幕間3 父親の言葉

「ほぉ……お前がうちの娘をたぶらかした男か。 ――覚悟はできているのだろうな? それじゃあ中でゆっくり話を聞かせてもらおうか」


 まるで宿敵を見つけた熊のように、静かに凄むジョゼットの父親。

 胸の前で組まれた腕は丸太のように太く、鋭い眼差しはロレンツォよりも20センチも高い場所にある。


 そんな威圧感の塊のような姿に気圧されて、意図せずロレンツォは喉を鳴らしてしまう。

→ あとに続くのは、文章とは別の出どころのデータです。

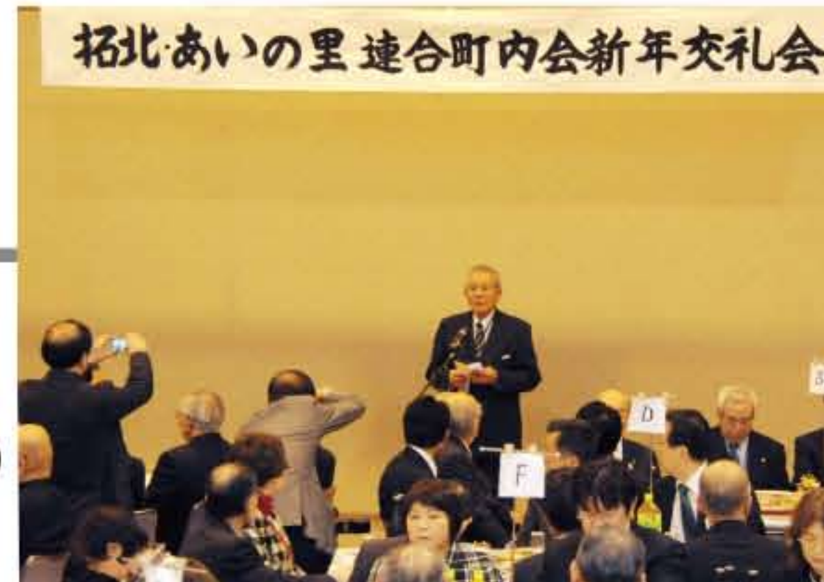
拓北・あいの里連合町内会新年交礼会

また、恒例の拓北地区ひまわり自治会主催の新年交礼会も、5日(月)ひまわり会館で約110名を超える参加者で行われました。

 決して彼は気が小さいわけでもビビりでもなかったが、不思議とその姿に抗うことができなかった。

 背中に何か冷たいものを感じながら、それでも必死に平静を装った。


「あ、あの、初めまして。お、お嬢さんとお付き合いさせていただいております、ロ、ロレンツォ・フィオレッティと申します。本日は突然の――」


「今は挨拶だけでいい。口上は家の中に入ってからにしろ」


 たった名前を名乗るだけなのに、緊張のために何度も噛むロレンツォ。

 そんな娘の交際相手の挨拶を無造作に遮ると、ジョゼットの父親――ボリスは「ふんっ」と小さく鼻息を吐く。

 それからくるりと二人に背を向けると、一度も振り返らないまま、のしのしと肩を揺らして歩き始めた。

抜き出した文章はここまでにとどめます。